=== DATA ===

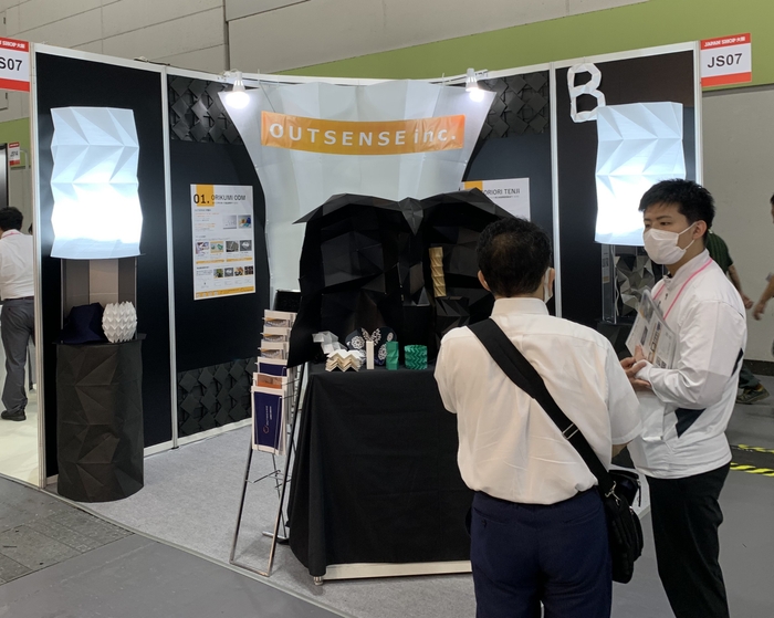 株式会社OUTSENSE(東京都大田区)は、7月20日㈭~21日㈮インテックス大阪にて開催の「JAPAN SHOP大阪2023」にて日本の伝統技術である『折り紙』の文化を工学分野に応用した『折り工学』に関する設計・材料・製造のノウハウを活かして、展示会や商業施設等の装飾品の製造を行うサービス【ORIKUMI ODM】と、展示会やイベントにおける立体装飾壁面製造サービスの【SORIORI TENJI】を展示いたしました。
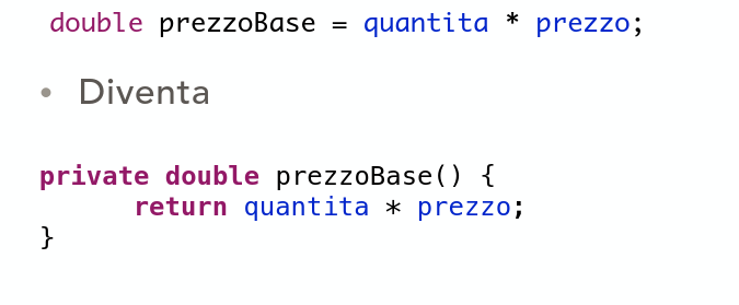 - Se il codice estratto modifica una variabile locale del metodo originario, dobbiamo vedere se è possibile mettere come valore di ritorno della funzione estratta quel valore. (Metodo sostituisci temp con query)
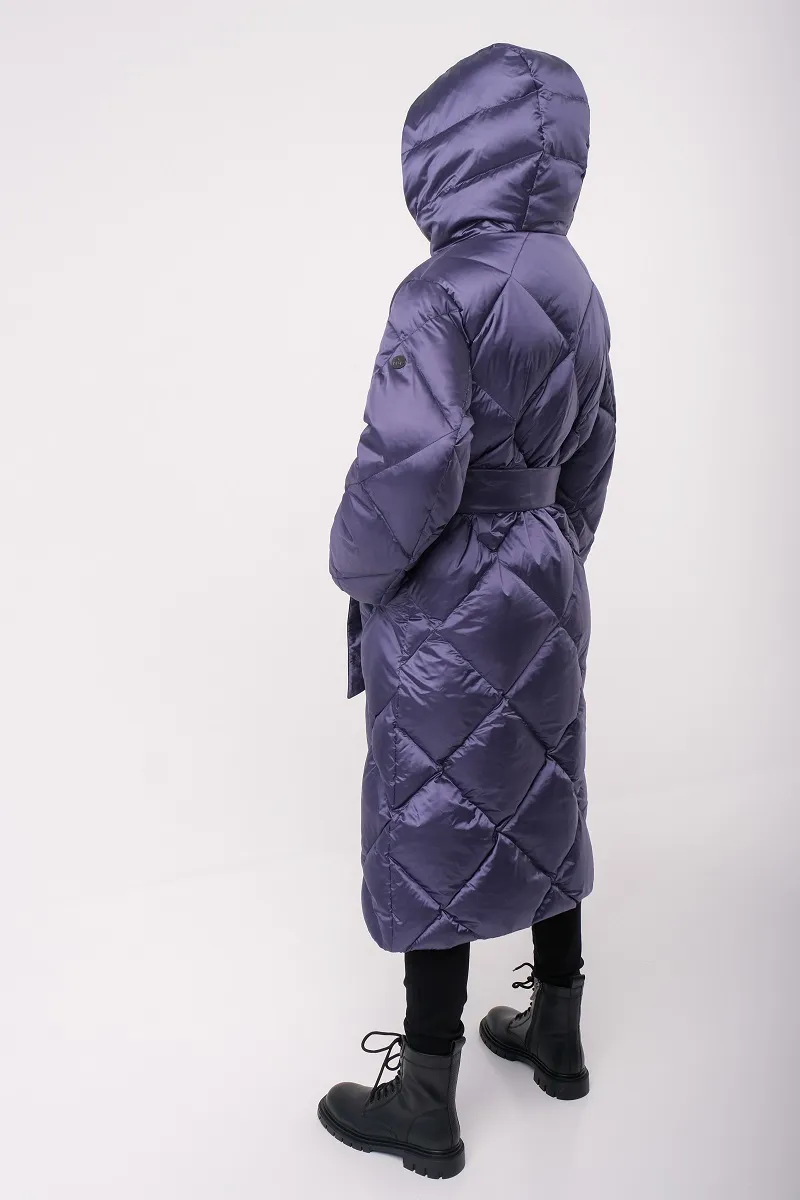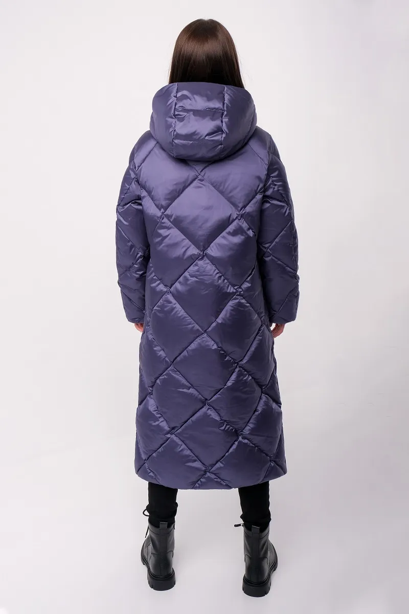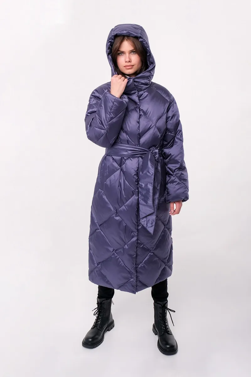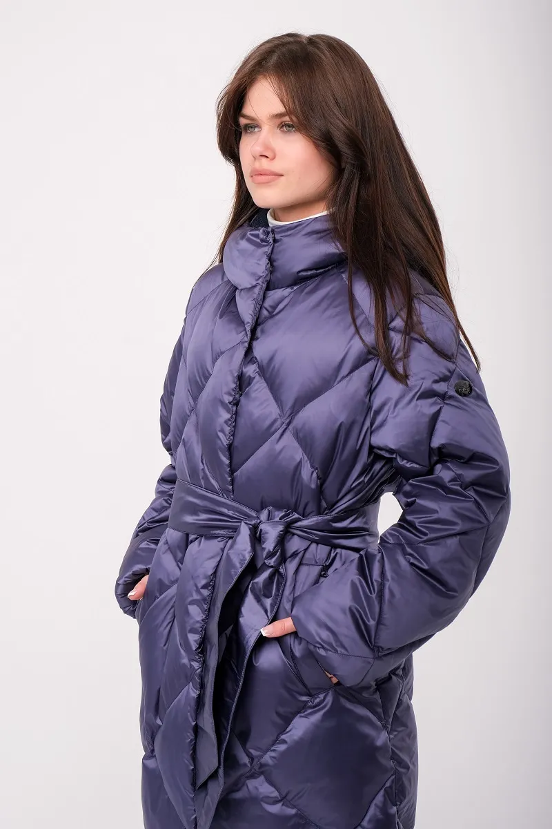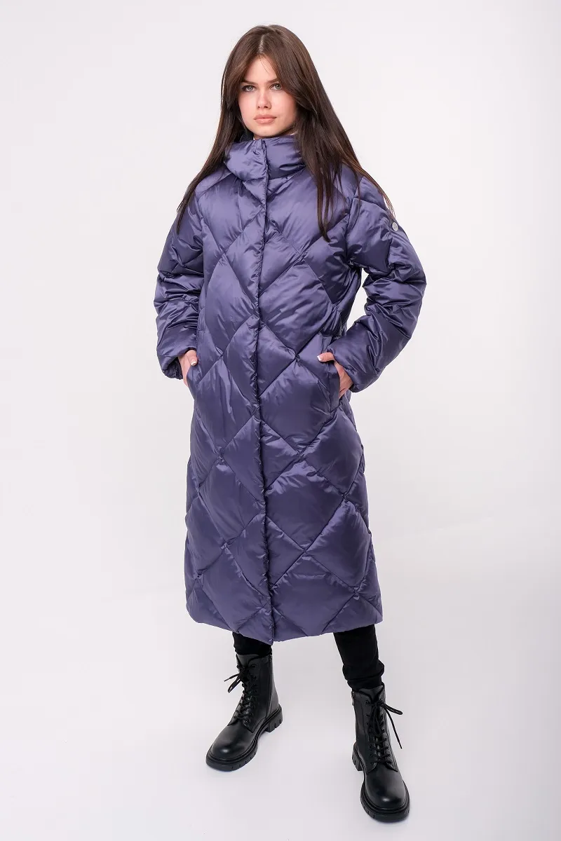 Удлиненный силуэт делает пуховик практичным и универсальным: он прикрывает бедра, создавая дополнительный барьер от холода и ветра. Современная диагональная стежка визуально вытягивает силуэт, подчеркивая фигуру и добавляя модели оригинальности.
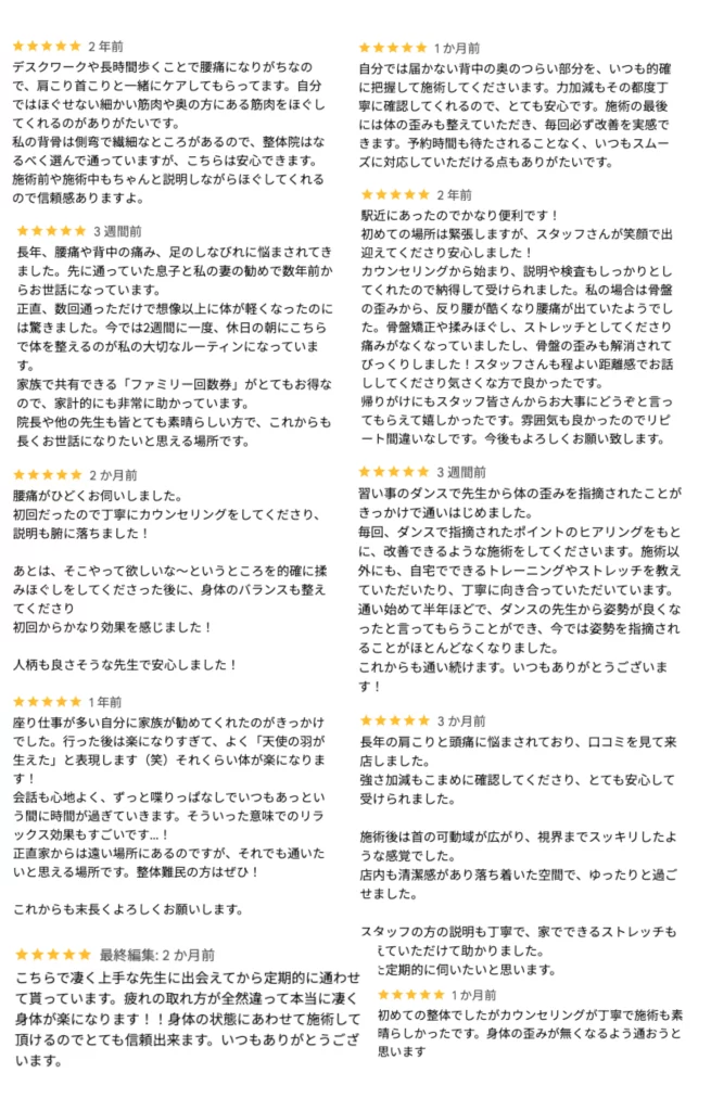 お身体の状態を把握している担当者が、姿勢や動作のポイント、セルフケアの方法などをその都度アドバイスいたします。施術だけで終わらせず、術後も寄り添いながらサポートすることで、不安を感じにくく、安心して身体と向き合っていただける環境を整えています。

=== WHAT TO DO ===
Only these lines belong in the answer: the first line of the listing above through the line holding "Удлиненный силуэт делает", printed exactly and without pictures.

=== SOLVED PROBLEM ===
 株式会社OUTSENSE(東京都大田区)は、7月20日㈭~21日㈮インテックス大阪にて開催の「JAPAN SHOP大阪2023」にて日本の伝統技術である『折り紙』の文化を工学分野に応用した『折り工学』に関する設計・材料・製造のノウハウを活かして、展示会や商業施設等の装飾品の製造を行うサービス【ORIKUMI ODM】と、展示会やイベントにおける立体装飾壁面製造サービスの【SORIORI TENJI】を展示いたしました。
 - Se il codice estratto modifica una variabile locale del metodo originario, dobbiamo vedere se è possibile mettere come valore di ritorno della funzione estratta quel valore. (Metodo sostituisci temp con query)
 Удлиненный силуэт делает пуховик практичным и универсальным: он прикрывает бедра, создавая дополнительный барьер от холода и ветра. Современная диагональная стежка визуально вытягивает силуэт, подчеркивая фигуру и добавляя модели оригинальности.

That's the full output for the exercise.